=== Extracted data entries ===
*** Block opens ***
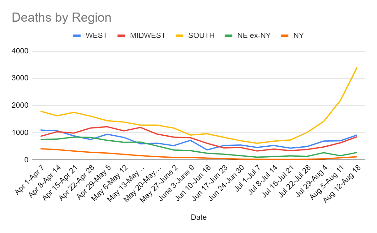 For cases, we got a good result, where the slowdown was real. For deaths, we got a quite bad result, where the slowdown was a mirage and we are back on the previous trajectory, and likely overshot a bit. Both are common, so predictions have to split the difference, but on reflection the slowdown in deaths couldn’t continue, and I should have predicted at least +50% there. I also should have directly caught the California correction, which I didn’t, and that meant the count a week ago was low by at least 350 deaths there, which accounts for about half the surprise here. I’ve corrected it for the charts and numbers going forward.
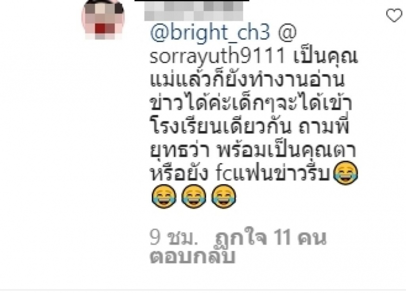 อีกทั้งงานนี้ ไบรท์ พิชญทัฬน์ เคลื่อนไหวแล้วหลัง โต๋ ศักดิ์สิทธิ์ โพสต์ภาพอัลตร้าซาวน์ อยากมีผู้สืบสกุลแต่ไม่ขอกดดัน โดยงานนี้ ไบรท์ พิชญทัฬน์ เมื่อเห็นข้อความ โต๋ ศักดิ์สิทธิ์ ก็เข้ามาเเสดงความคิดเห็นเป็นรูปอิโมจิ ท่ามกลางชาวเโซเชียล ที่เข้ามาคอมเมนต์ต่อว่า @bright_ch3 @ sorrayuth9111 เป็นคุณแม่แล้วก็ยังทำงานอ่านข่าวได้ค่ะเด็กๆจะได้เข้าโรงเรียนเดียวกัน ถามพี่ยุทธว่า พร้อมเป็นคุณตาหรือยัง fc แฟนข่าวรีบ
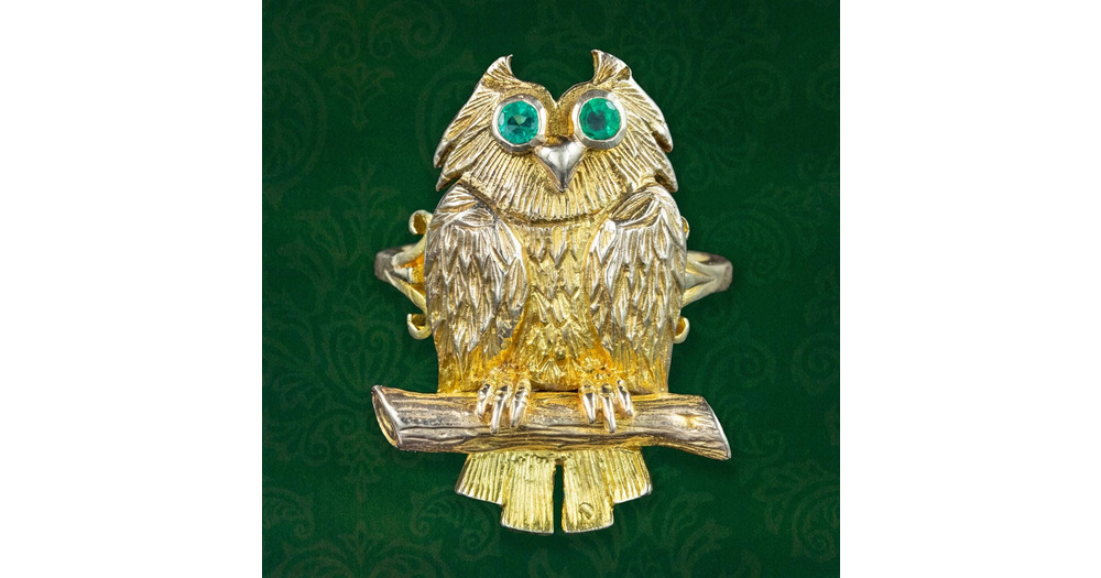 Vintage Owl Ring Emerald Eyes Dated 1972
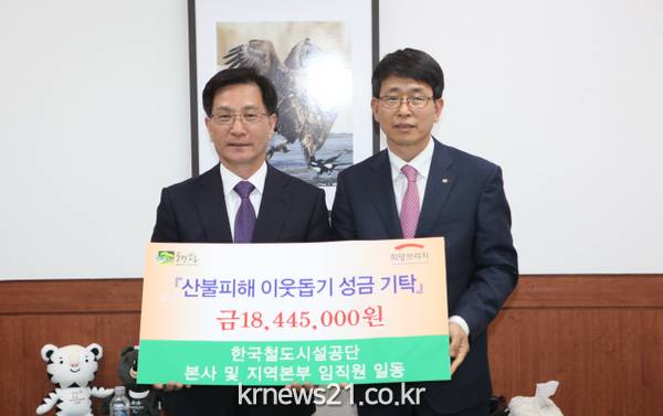 ▲ 노병국 공단 강원본부장이 강릉시청을 방문, 최명희 강릉시장에게 성금을 직접 전달하는 모습한국철도시설공단이 지난 16일 강릉시청에서 강원도 산불로 인해 주택소실 등의 피해를 입은 이재민들에게 약 1800만원의 구호 성금을 전달했다고 17일 밝혔다.
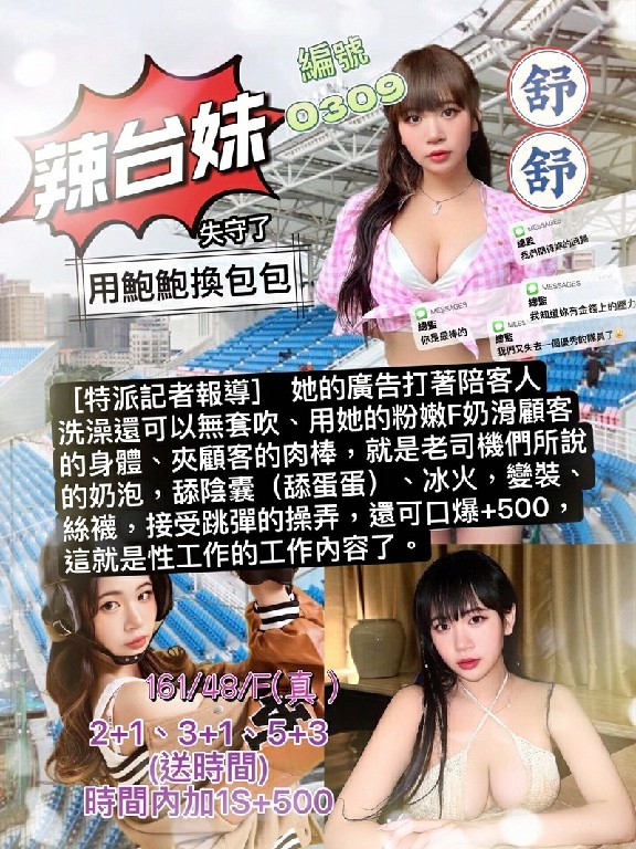 加值服務:口爆+500、顏射+500、無套+1000
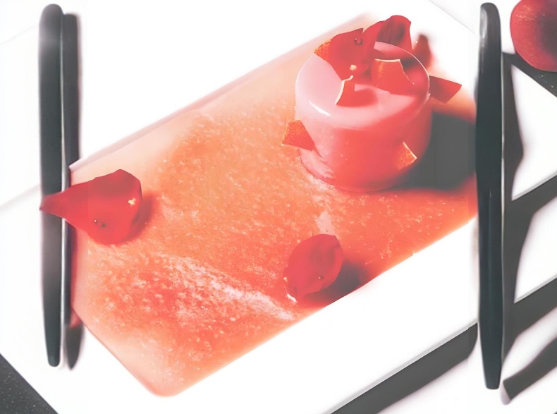 باستخدام لمسة خاصة وشفافة من الطلاء اللامع، تم تحويل الحوض المستطيل في الطبق إلى قاعدة وضعت عليها موس الجوافة المحضّر من الجوافة الحمراء التايوانية، والذي اتخذ شكل أسطوانة قصيرة. اللون الوردي الجذاب للموس يتناغم مع طلاء الجيلاتين اللامع، وفي النهاية تم تزيين الطبق ببتلات وردية صالحة للأكل من زهور عضوية من نانتو بوري، مما أضفى جواً رومانسياً يعم باللون الوردي!
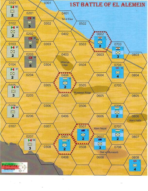 1st El Alamein is a simplified simulation of the mid 1942 battle in the desert of Egypt that marks the high tide of the Afrika Korps in the desert. Although the later battles of Alam Halfa and especially 2nd El Alemein are more famous, it was the Commonwealth’s survival in this July battle that stopped the Afrika Korps and saved Egypt. Advanced and...
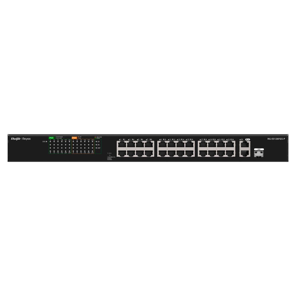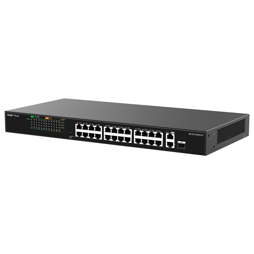 Home Switch PoE RG-ES126FGS-P RG-ES126FGS-P SKU: RG-ES126FGS-P 303,64 € 319,62 € Desconto de %. IVA incluído. Comprar Contactar Adicionar à wishlist Reyee PoE Desktop Switch24 RJ45 Portas 1 + RJ45 Uplink 1 + [%VAR%] SFP Combo24 Portas 10/100Mbps + 2 Portas 10/100/1000Mbp24 Portas PoE+ 802.3af/at | Potência total 370WIsolamento de portas / Controlo de fluxo / PoE WatchdogPlug and PlayEspecificaçõesMarca:ReyeeInterface:1 Puerto SFP/RJ45 Combo (se puede usar el puerto SFP o el puerto RJ45 pero no ambos a la vez)Características del PoE:Potencia PoE total de 370WFunciones:Aislado de Puertos, Poe Watchdog, Poe ExtendidoGestión:No gestionable, pero visible desde Ruijie cloud si al menos hay un sw gestionable en la instalaciónAncho de Banda:8,8GbpsTasa de Reenvío de Paquetes:6,55MbpsTabla MAC:8KTecnologías Soportadas:Modo Auto-Negociación / Auto MDI/MDIXAlimentación:100V a 240V AC 6,0AConsumo Máximo:< 370WTemperatura de funcionamiento:0º C ~ 45º CDimensiones / Peso:440 x 214,9 x 44 mmPeso:3,78 Kg Partilhar
*** Block closes ***
=== ASSIGNED TASK ===
Leave every picture out, and repeat exactly the lines from the one containing "加值服務:口爆+500、顏射+500、無套+1000" through the last line of the entries, both ends included.

=== TASK SOLUTION ===
 加值服務:口爆+500、顏射+500、無套+1000
 باستخدام لمسة خاصة وشفافة من الطلاء اللامع، تم تحويل الحوض المستطيل في الطبق إلى قاعدة وضعت عليها موس الجوافة المحضّر من الجوافة الحمراء التايوانية، والذي اتخذ شكل أسطوانة قصيرة. اللون الوردي الجذاب للموس يتناغم مع طلاء الجيلاتين اللامع، وفي النهاية تم تزيين الطبق ببتلات وردية صالحة للأكل من زهور عضوية من نانتو بوري، مما أضفى جواً رومانسياً يعم باللون الوردي!
 1st El Alamein is a simplified simulation of the mid 1942 battle in the desert of Egypt that marks the high tide of the Afrika Korps in the desert. Although the later battles of Alam Halfa and especially 2nd El Alemein are more famous, it was the Commonwealth’s survival in this July battle that stopped the Afrika Korps and saved Egypt. Advanced and...
 Home Switch PoE RG-ES126FGS-P RG-ES126FGS-P SKU: RG-ES126FGS-P 303,64 € 319,62 € Desconto de %. IVA incluído. Comprar Contactar Adicionar à wishlist Reyee PoE Desktop Switch24 RJ45 Portas 1 + RJ45 Uplink 1 + [%VAR%] SFP Combo24 Portas 10/100Mbps + 2 Portas 10/100/1000Mbp24 Portas PoE+ 802.3af/at | Potência total 370WIsolamento de portas / Controlo de fluxo / PoE WatchdogPlug and PlayEspecificaçõesMarca:ReyeeInterface:1 Puerto SFP/RJ45 Combo (se puede usar el puerto SFP o el puerto RJ45 pero no ambos a la vez)Características del PoE:Potencia PoE total de 370WFunciones:Aislado de Puertos, Poe Watchdog, Poe ExtendidoGestión:No gestionable, pero visible desde Ruijie cloud si al menos hay un sw gestionable en la instalaciónAncho de Banda:8,8GbpsTasa de Reenvío de Paquetes:6,55MbpsTabla MAC:8KTecnologías Soportadas:Modo Auto-Negociación / Auto MDI/MDIXAlimentación:100V a 240V AC 6,0AConsumo Máximo:< 370WTemperatura de funcionamiento:0º C ~ 45º CDimensiones / Peso:440 x 214,9 x 44 mmPeso:3,78 Kg Partilhar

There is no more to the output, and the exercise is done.